But he cut me short, pretending to misunderstand what I was about to say.

"In one instant so you shall. You shall be the first to break your mirror, as you suggested."

"As I suggested!"

"Only give us time, and all your suggestions shall be acted on. You will find, my dear Short, if you will only have a little patience, that the whole affair has been planned on the lines which you yourself laid down. Gentlemen, Mr Augustus Short, as our President, will lead the way."

I do not know exactly what happened. I fancy that Gardiner jerked my arm, anyhow, the mirror slipped from my grasp, and although I certainly did not "dash" it to the ground, directly it touched the floor it was shivered into fragments with quite an extraordinary amount of noise. My conviction is that those mirrors were specially and artfully arranged to smash with a kind of explosion directly they came into contact with a resisting substance. I caught myself stammering, while I was still bewildered by the din the thing had made,--

"So much for the bad luck a broken mirror is supposed to bring!"

I have a vague idea that the others did as I had done, but my impressions were of such a variegated hue that for some seconds I hardly knew what was taking place. I found myself in an apartment the lights of which were shaded by globes of a peculiarly ghastly green. The walls were hung in black. Mottoes sprawled across them. I noted two, "The Thirteen Club laughs at luck." "Down with all Omens." There was a table in the centre shrouded in the same funereal shade. One presumed that it was laid for dinner. But the articles upon it were of such an unusual sort, and were arranged in such fantastic forms, that the thing was but presumption. Gardiner, however, did what I suppose he considered his best to make the matter clear.

"I think, Mr President and Gentlemen, you will agree with me that this is a fitting environment for such a function as the inaugural dinner of the Thirteen Club."

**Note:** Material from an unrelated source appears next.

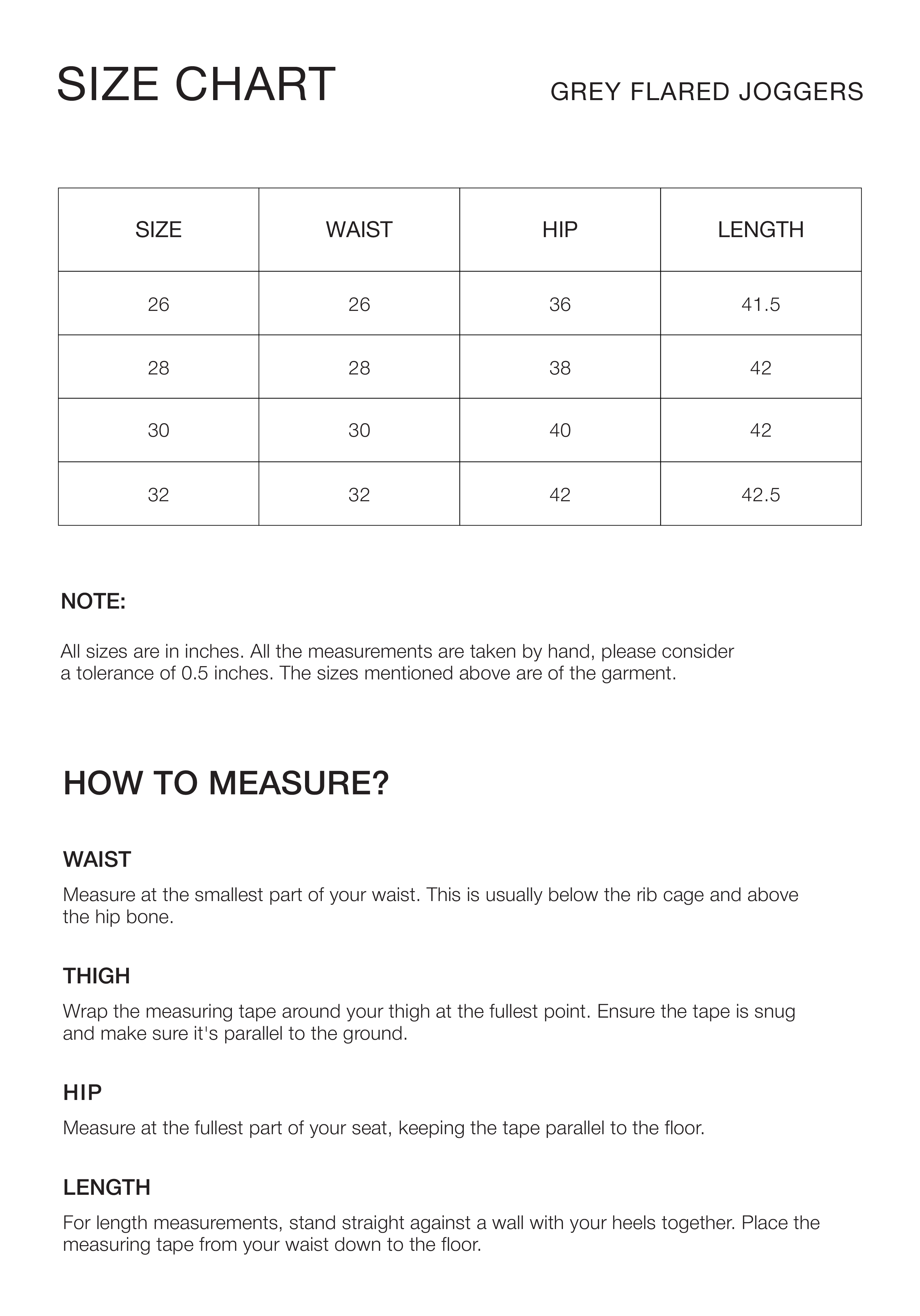 Grey flared joggers with a high-rise drawstring waist, straight-to-flared leg silhouette, and full-length cut.

I, for one, disagreed with him entirely. But at that instant I found myself without the capacity to say so. To be frank, the look of the whole thing had surprised me into speechlessness. Gardiner went on in a tone of voice which suggested that he was enjoying himself immensely. If that were the case then I am convinced that he in his enjoyment was singular.

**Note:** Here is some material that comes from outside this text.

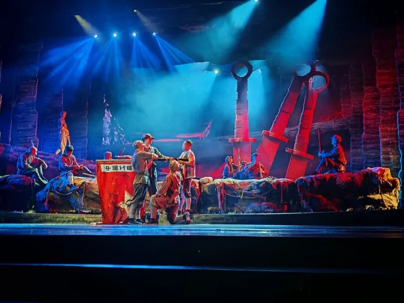第三站我们来到了金延安红色教育研学基地,观看了舞台剧《红秀延安延安》,看着舞台上的表演者,我仿佛也进入到了那段革命岁月,家破人亡的演绎让人不禁心中一颤,军民同心的丰收盛况与炮弹的爆炸声形成鲜明对比,给我们内心带来无比震撼与动容。

"We find ourselves surrounded by the proverbial attributes of gloom. The lighting is uncanny, it lends to us all the attributes of sick men. The walls and tables are decked with the traditional trappings of the tomb. The only ornaments upon the festive board are skeletons, cross-bones, and skulls. You will notice that the knives are crossed. The drinking cups are of funereal ebony. Beside each chair is a black cat in a black wicker cage."